Asta had just moved back to California after making a stab at a career in photography in New York City. She got a bachelor of fine arts degree in photography at a time darkrooms were still being used in the classroom. But the digital age changed the landscape of the business and the trajectory of her career.
“It was hard to find work as a photographer,” Asta says. “The next best outlet was drawing and doodling.”
Asta had a pen in hand from as far back as she can remember.
In California, she had an overwhelming feeling she could take her creations from a notepad to a much larger canvas. Around that time, an airport hangar next to the distillery where she was working was being turned into a brewery.
When construction was finished, there was a blank wall that ran right through the center of the space. It was just the sort of canvas Asta had envisioned for her work.
“I approached the brewery owners,” she says. “I was, like, ‘I’ve never done a mural before, but I really feel I can do this.’ ”
A scissor lift was brought in a few days later, and Asta was given a month to finish a 3,000-square-foot mural.

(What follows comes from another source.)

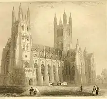 Gostling acted as a guide in Canterbury, but during the last two decades of his life was largely confined to his room.[2] He was visited in 1772 and again in 1773 by Sir John Hawkins, who was then researching his History of Music.[3] He died at his house in the Mint Yard, Canterbury, on 9 March 1777, and was buried in the cloisters on 15 March.[2] He possessed a significant collection of manuscripts of works by Henry Purcell; these were sold by Messrs. Langford. His library was sold by William Flackton of Canterbury in 1778.[4]
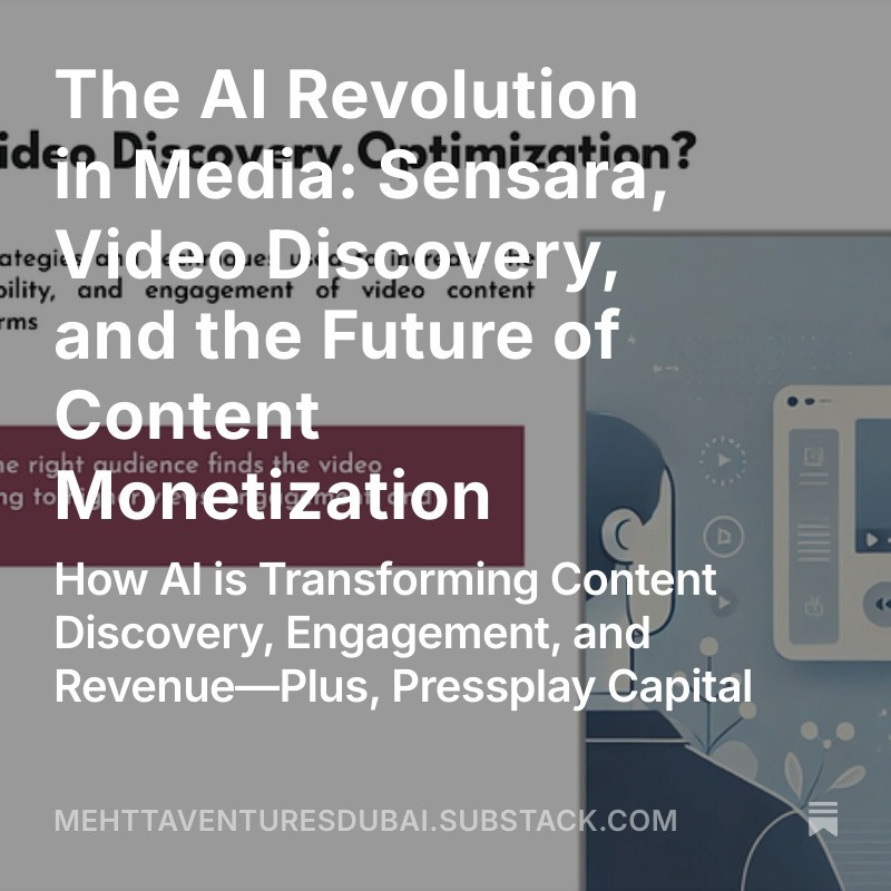 Please sign up for my other newsletter focused on “eyeball economy” focused startups (Media, Entertainment, Gaming, Ad Tech & Sports), the Indian / Middle East startup and venture capital ecosystem; in your inbox every Monday: Mehtta Ventures Dubai.

Immediately after she finished that first project, she embarked on what she describes as a luxuriously homeless lifestyle. She traveled from city to city, painting murals wherever she could get a commission.
Asta has been based in Chicago since 2016 and has left her signature black-and-white doodle work on 40 walls around the city.
Asta credits social media for boosting her career and says it’s helped to get her opportunities around the country and the world.
She says that when she moved to Chicago, most of the street artists she met were men. In the past five years, though, Asta says more women have gotten involved in public art, and she takes pride in being part of that change.
“I can’t tell you how many times I’ve been working on a boom or a scissor lift, and there’s construction guys around who stand there like, ‘What?’ ” Asta says. “Yeah, we can do it, too.”
Asta’s latest mural — painted on an outside wall of Fulton Market Kitchen, 311 N. Sangamon St. — will be unveiled along with 10 whiskey barrels hand-painted by five women muralists at an event Sunday to mark International Women’s Day. Asta created the mural through a partnership between Jack Daniel’s “Gentleman Jack” whiskey and the Chicago Sun-Times advertising department.
She says hers message to women with the piece is to “flex your hustle today and every day.
“‘Today and every day’ I have written in the mural,” Asta says. “It’s great that we have a day to recognize there’s still a lot of struggle with differences between men and women in the workforce specifically. It’s good to recognize how far we’ve come. But it should be something we recognize every day as well.”